In Durga Priya Chowdhury v. Durga Pada Roy, Surety provided proof of collection and payment of Zamitorari Creditor rent by Principal Debtor. The amount of Rs. 600 and the consideration of the appointment of the principal Debtor as an agent was explained. Later, with the death of Surety, the Principal debtor failed and the creditor sued him and the defendants’ lawyers. Proponents of her case have been working to make the actual transcript of this statement available online. “The guarantees of the guarantee mean that the heirs and representatives of Surety will be bound and bound in terms of the guarantee in the same manner as the security for which they were bound. Educated judges said the guarantee was not revoked even after the death of Surety and his heirs. ”

See also  Powers and functions of president of India

Changes made in the terms and conditions of the contract without Surety’s Consent

a continuous guarantee contract is terminated if there is a change and amendment made in terms of the terms and conditions of the contract between the Principal Debtor and the Debtor without the consent of the Guarantee. Surety is exempt from his debt for further transaction of a separate transaction made.

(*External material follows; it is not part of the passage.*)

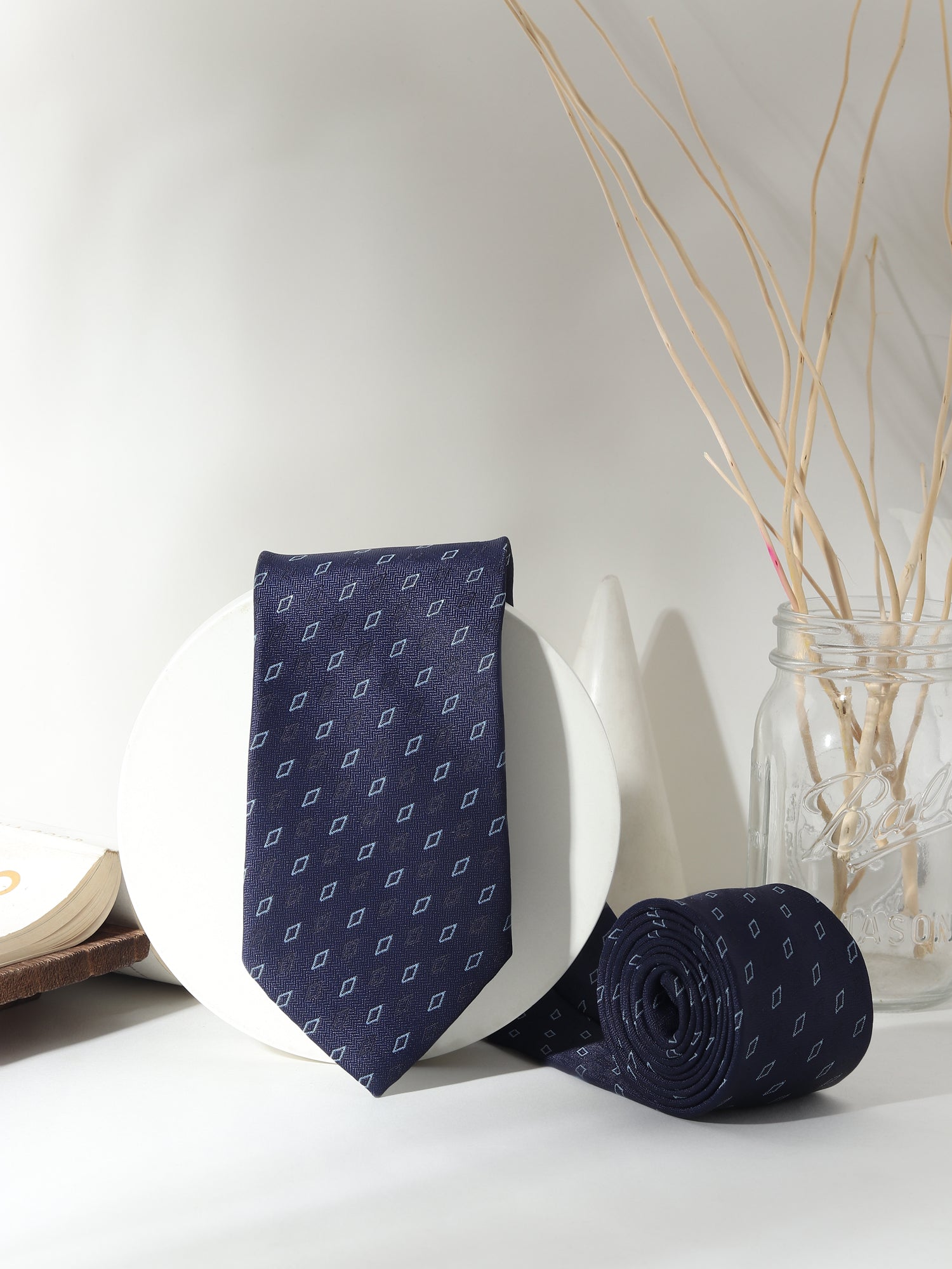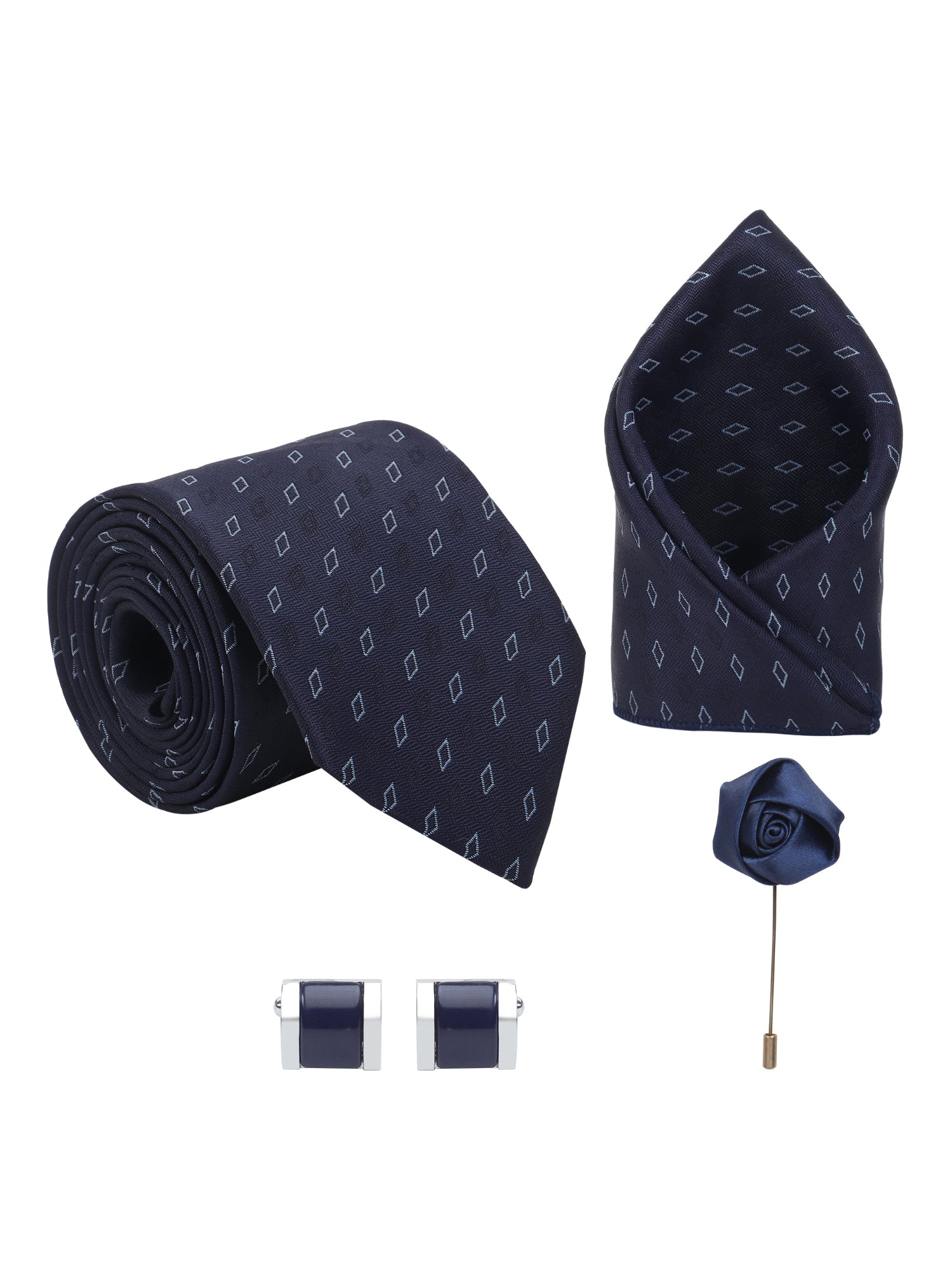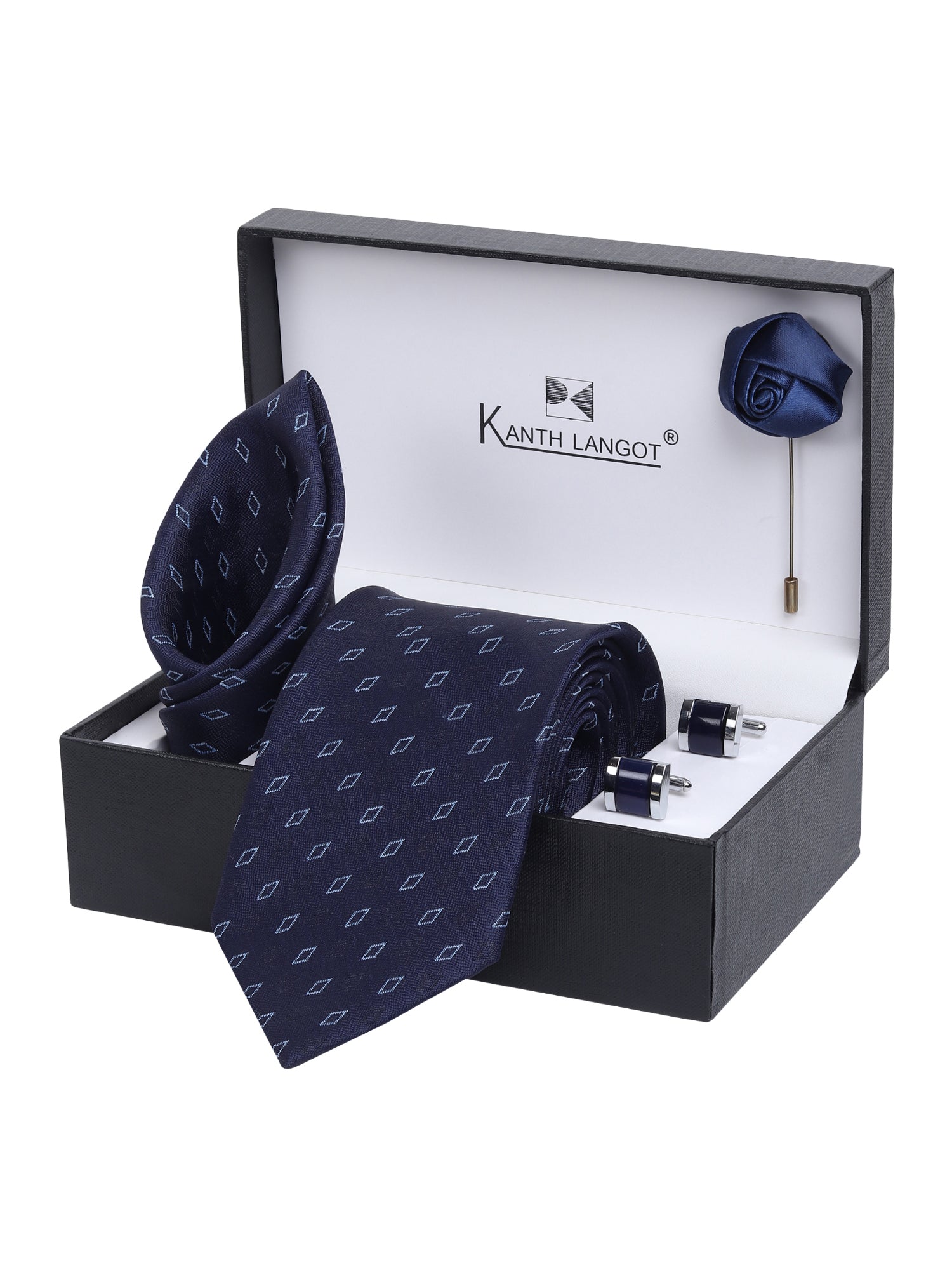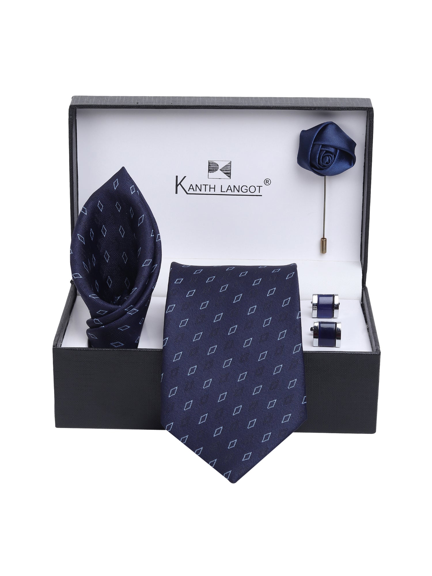 Kanthlangot Navy Diamond Necktie Gift Set with Pocket Square, Cufflinks & Lapel Pin

In the case of Bishwanath Agarwal vs. State Bank of India, Surety has made an ongoing guarantee of up to Rs 2,50,000 to obtain the loan amount and interest paid by the Principal Loan to the lender from time to time. The debtor fails to repay the loan and the overdraft is made in excess of that limit on the same loan account without Surety’s consent. “Surety was charged with up to Rs 2,50,000 and was not liable for any excess over the amount disbursed by the bank to the Borrower without bail.